5.18.2005

at the practical level

I've been reflecting some more on my time here, especially the mistakes I've made and how I might act differently if I could do it again (in Champaign, for instance). One thing I recognize is that here I initially focused on theology/beliefs rather than practical issues. That was a mistake. I mean, I think I did correctly identify theological differences and recognize the sources of some of the problems here (like what I posted as "parting thoughts" a few days ago), but it didn't work too well to try to directly address and change the underlying beliefs. They were too deep-seated and too fundamental. Lately, I've been addressing specific behaviors instead, and this seems to be more promising.

The deep-seated theology and convictions of our lives are still what I'm most interested in, because that's where the roots of our problems lie. But these usually cannot be addressed directly. Normally, they need to be addressed through the actions and choices that spring from them. Our core beliefs are what shape our actions, our practical decisions. What we really believe in is seen in what we do. And it's these actions that most impact other people; this is where we can really rub up against one another and have to struggle together.
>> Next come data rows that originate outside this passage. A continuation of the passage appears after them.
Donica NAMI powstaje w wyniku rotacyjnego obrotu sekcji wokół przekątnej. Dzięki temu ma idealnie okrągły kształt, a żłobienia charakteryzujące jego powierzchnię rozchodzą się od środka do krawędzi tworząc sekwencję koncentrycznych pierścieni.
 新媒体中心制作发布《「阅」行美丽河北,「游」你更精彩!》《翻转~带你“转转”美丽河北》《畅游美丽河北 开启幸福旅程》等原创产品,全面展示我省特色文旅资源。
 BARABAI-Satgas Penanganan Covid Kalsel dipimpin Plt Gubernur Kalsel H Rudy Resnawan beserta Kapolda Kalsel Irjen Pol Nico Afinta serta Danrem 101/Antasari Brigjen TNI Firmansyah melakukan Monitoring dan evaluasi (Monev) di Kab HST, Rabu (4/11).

So this is the best place to test and challenge the underlying beliefs.

In other words, our beliefs and convictions best connect with (and challenge) others at the practical level, not the theoretical level.
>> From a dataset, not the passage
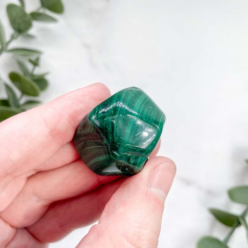 Малахит является мягким минералом и его не стоит хранить в одном месте с более трёрдыми камнями или кристаллами: кварцами, флюоритами, полевыми шпатами и др. Также его нежелательно мыть водой и противопоказано мыть мылом, в этом случае на камне может образоваться белый налёт.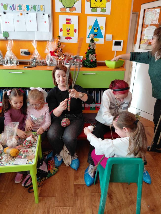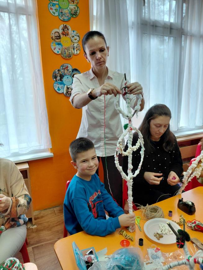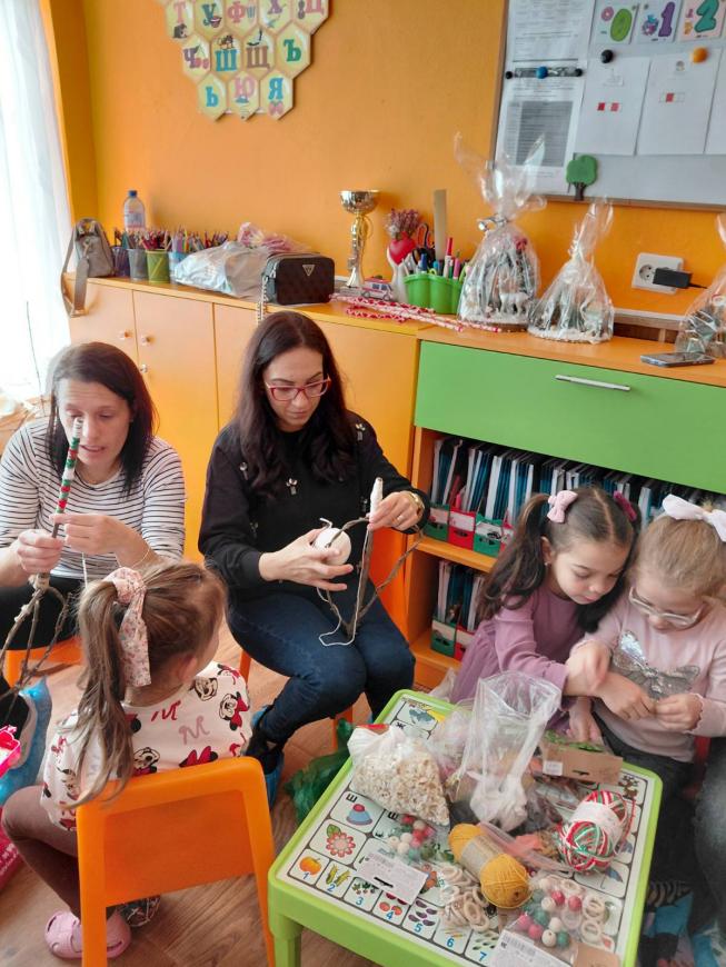 Фотогалерия » 26.11.2025г. Децата от група "Пчеличка" технете майки и госпожи се включиха в "Коледната работилничка" сътвориха чудни сурвачки за Коледния базар на ДГ "Чайка".

I've thought that struggling with particular behaviors was almost futile, like treating many small symptoms when the real problem was much deeper. But these particular behaviors offer both the opportunity and also good practical examples for addressing the deeper issues. So I need to pay attention to them and use the opportunities they offer.

For example, for a long time I've disliked the rule in my household requiring everyone to be at dinner (most days) and to stay for an hour of community time. I could see how the rule evolved, to encourage interaction among the people living here. But it seemed to have become a rigid structure without much meaning anymore. We were all sitting there for an hour, but our engagement with one another was pretty superficial, sometimes just listening to a book being read. This seemed like a minor thing, so I didn't complain about it. But now I see it's a very good opportunity to challenge the tendency to fall into communal structures rather than continually engaging and struggling with one another to make community real. That's a much bigger issue and especially important in a place like this. We're going to talk some more about it tonight.